After 72 years of independence, the story of freedom is one of irreversible loss of life, dignity and place. It is also a saga of division and disruption of the Hindus and the Muslims of the Sindh. People who lived together for generations and worked together for freedom were ripped apart from each other at the time of partition. As Alok Bhalla writes in Partition Dialogues: Memories of a Lost Home:
millions of people were forced to leave their homes, their bastis, their desh, their watan, and undertake a difficult and sorrowful journey.
The experience of Bhaag, Baant, Bantwara, Vibhaqt, Vibhajan and Taqseem in 1947 is drenched in the agony of loss, betrayal, separation and suffering. India paid a heavy price for political freedom; the politics of divide and rule led to the severing of human ties, redrawing of boundaries, division of property – and the nation – in the most gruesome manner.
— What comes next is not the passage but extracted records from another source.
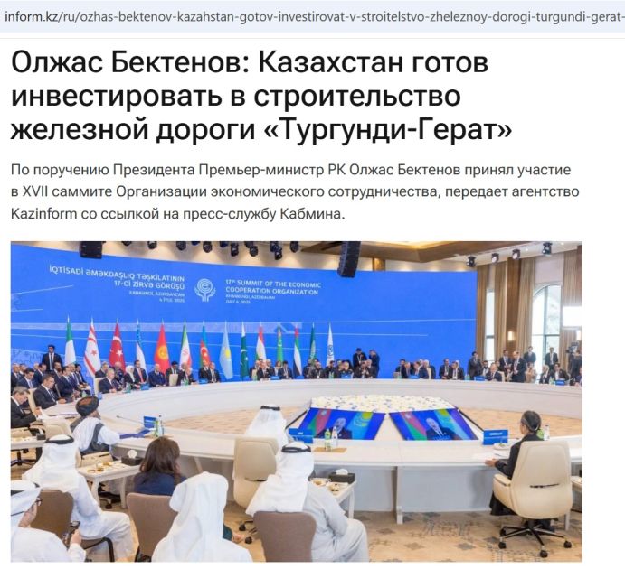 Yayımlarda Qazaxıstan hökumət başçısının Trans-Əfqanıstan dəmir yolunun regionun iqtisadi inkişafı üçün əhəmiyyətini vurğuladığı bildirilir. Oljas Bektenovun “Turqundi–Herat” dəmir yolu xəttinin tikintisinə Qazaxıstanın sərmayə yatırmağa hazır olduğunu bildirdiyi fikirlərə yer verilir.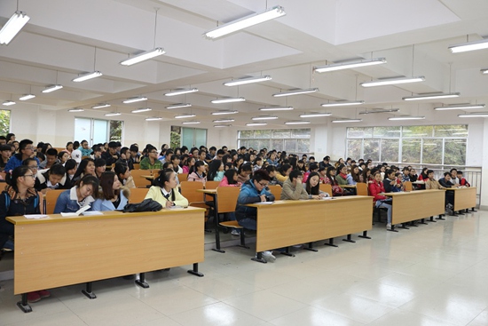 贵大新闻网讯(记者团 何瀚章 实习记者 付鼎 谭戊梁 樊宏俊 报道|摄影 杨明)11月21日下午,人文学院2014级“秋冬季学生安全教育”动员大会在我校南区致知楼202教室召开。人文学院研究生辅导员马光强主持大会,人文学院14级约200余名学生参加大会。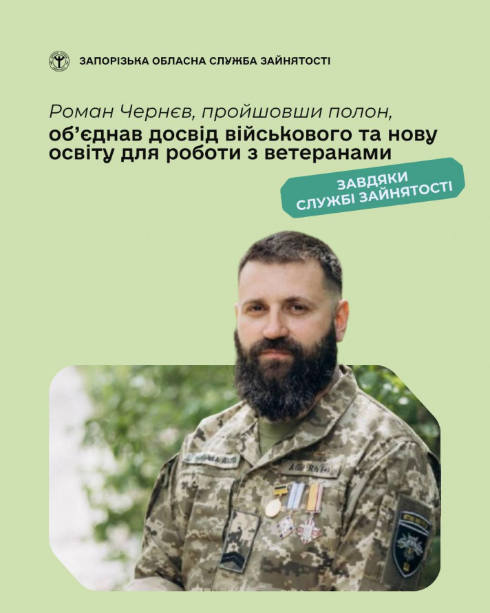 У цивільному житті Роман Чернєв об’єднав досвід військового та нову освіту для роботи з ветеранами. Як йому це вдалося — історію Романа розповіли на сторінці Запорізької обласної служби зайнятості.

With the blood of Indians on their hands, the imperialists left South Asia with a legacy of divide and fight, disunite and perish. However, despite the distrust and disquiet, the voice of sanity prevails in certain quarters and mourns the loss with an invincible hope that life would become better for both India and Pakistan. Qazi Abdul Jaleel, popularly known as Amar Jaleel, one of the most distinguished and controversial Sindhi writers in Pakistan, is one such voice of reason.